F91 Dudelange (; , ) is a Luxembourger professional football club based in Dudelange which plays in the Luxembourg National Division.

It was formed in 1991 as a merger between three teams in the town:  Alliance Dudelange, Stade Dudelange and US Dudelange. Domestically, it has since won the National Division on 15 occasions and the Luxembourg Cup eight times.

F91 Dudelange qualified for the 2018–19 UEFA Europa League, becoming the first club from the country to reach the group stage of a European competition. Dudelange also made the 2019–20 UEFA Europa League group stage where they became the first team from Luxembourg to win a game in the group stage after a shock 4–3 victory over APOEL of Cyprus.

History

It was formed in 1991 from the clubs Alliance Dudelange, Stade Dudelange, and US Dudelange. All three clubs had won the National Division or the Luxembourg Cup before, but each had fallen upon hard times, and the amalgamated club was expected to be more stable, in both a sporting and financial sense.

Turning the club into a title-challenging team took a while. Stade Dudelange and US Dudelange had been in Luxembourg's third tier (the 1. Division), whilst Alliance Dudelange was struggling to remain in the second league (the Division of Honour). The new club would take Alliance's place in the Division of Honour in the 1991–92 season.

F91 was promoted in its first season, and soon established itself as a competent top-flight team, not finishing outside the top half of the table until 1996–97. Towards the end of the 1990s, Dudelange gradually improved, and brought to an end Jeunesse Esch's era of dominance by storming to the 1999–00 league title by eleven points.

In 2004–05, Dudelange won the title and competed in the UEFA Champions League for the 2005–06 season. In the competition Dudelange became the first club in Luxembourg's history to reach the second qualifying round, after a remarkable victory over NK Zrinjski (they lost 0–1 at home in the first leg, in the second leg they scored a goal in the 3rd minute of stoppage time to equalize on aggregate, and then scored 3 more goals in extra time).
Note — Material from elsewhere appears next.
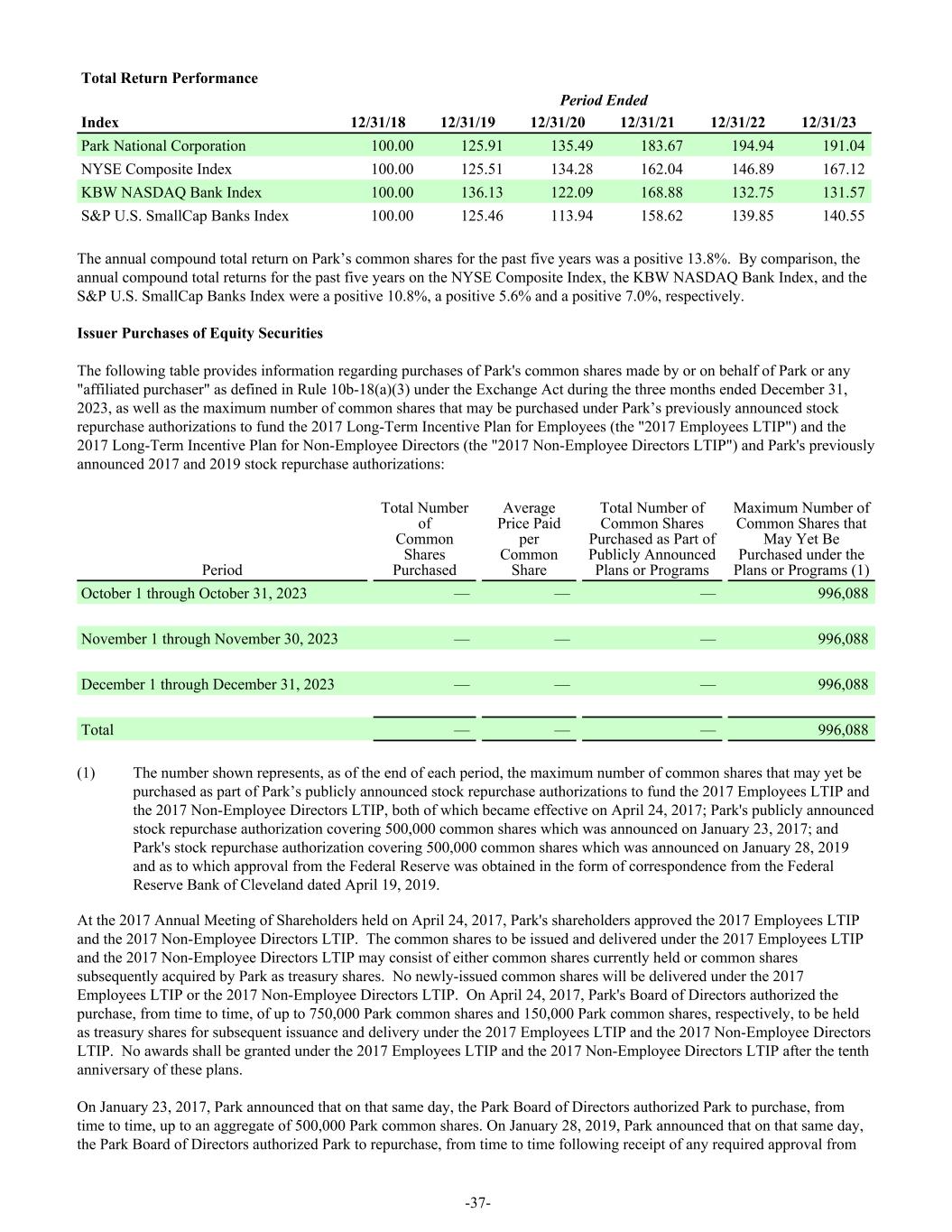 Total Return Performance Period Ended Index 12/31/18 12/31/19 12/31/20 12/31/21 12/31/22 12/31/23 Park National Corporation 100.00 125.91 135.49 183.67 194.94 191.04 NYSE Composite Index 100.00 125.51 134.28 162.04 146.89 167.12 KBW NASDAQ Bank Index 100.00 136.13 122.09 168.88 132.75 131.57 S&P U.S. SmallCap Banks Index 100.00 125.46 113.94 158.62 139.85 140.55 The annual compound total return on Park’s common shares for the past five years was a positive 13.8%. By comparison, the annual compound total returns for the past five years on the NYSE Composite Index, the KBW NASDAQ Bank Index, and the S&P U.S. SmallCap Banks Index were a positive 10.8%, a positive 5.6% and a positive 7.0%, respectively. Issuer Purchases of Equity Securities The following table provides information regarding purchases of Park's common shares made by or on behalf of Park or any "affiliated purchaser" as defined in Rule 10b-18(a)(3) under the Exchange Act during the three months ended December 31, 2023, as well as the maximum number of common shares that may be purchased under Park’s previously announced stock repurchase authorizations to fund the 2017 Long-Term Incentive Plan for Employees (the "2017 Employees LTIP") and the 2017 Long-Term Incentive Plan for Non-Employee Directors (the "2017 Non-Employee Directors LTIP") and Park's previously announced 2017 and 2019 stock repurchase authorizations: Period Total Number of Common Shares Purchased Average Price Paid per Common Share Total Number of Common Shares Purchased as Part of Publicly Announced Plans or Programs Maximum Number of Common Shares that May Yet Be Purchased under the Plans or Programs (1) October 1 through October 31, 2023 — — — 996,088 November 1 through November 30, 2023 — — — 996,088 December 1 through December 31, 2023 — — — 996,088 Total — — — 996,088 (1) The number shown represents, as of the end of each period, the maximum number of common shares that may yet be purchased as part of Park’s publicly announced stock repurchase authorizations to fund the 2017 Employees LTIP and the 2017 Non-Employee Directors LTIP, both of which became effective on April 24, 2017; Park's publicly announced stock repurchase authorization covering 500,000 common shares which was announced on January 23, 2017; and Park's stock repurchase authorization covering 500,000 common shares which was announced on January 28, 2019 and as to which approval from the Federal Reserve was obtained in the form of correspondence from the Federal Reserve Bank of Cleveland dated April 19, 2019. At the 2017 Annual Meeting of Shareholders held on April 24, 2017, Park's shareholders approved the 2017 Employees LTIP and the 2017 Non-Employee Directors LTIP. The common shares to be issued and delivered under the 2017 Employees LTIP and the 2017 Non-Employee Directors LTIP may consist of either common shares currently held or common shares subsequently acquired by Park as treasury shares. No newly-issued common shares will be delivered under the 2017 Employees LTIP or the 2017 Non-Employee Directors LTIP. On April 24, 2017, Park's Board of Directors authorized the purchase, from time to time, of up to 750,000 Park common shares and 150,000 Park common shares, respectively, to be held as treasury shares for subsequent issuance and delivery under the 2017 Employees LTIP and the 2017 Non-Employee Directors LTIP. No awards shall be granted under the 2017 Employees LTIP and the 2017 Non-Employee Directors LTIP after the tenth anniversary of these plans. On January 23, 2017, Park announced that on that same day, the Park Board of Directors authorized Park to purchase, from time to time, up to an aggregate of 500,000 Park common shares. On January 28, 2019, Park announced that on that same day, the Park Board of Directors authorized Park to repurchase, from time to time following receipt of any required approval from -37-

However, Dudelange were easily beaten by Rapid Wien in the second qualifying round.

In the 2005–06 season, Dudelange completed the league and cup Double for the first time since the merger. They replicated this feat in the 2006–07 season, and won a fourth consecutive National Division title in 2007–08.

In the 2012–13 UEFA Champions League, F91 Dudelange defeated Tre Penne 11–0 on aggregate, earning them an appointment with Austrian champion Red Bull Salzburg in the second round. They defeated Salzburg 1–0 in Luxemburg, and lost 3–4 in Salzburg, to win the tie on the away goal rule.  For the first time in club history, Dudelange qualified for the third round of the competition, in which they were beaten 5–1 on aggregate by Maribor.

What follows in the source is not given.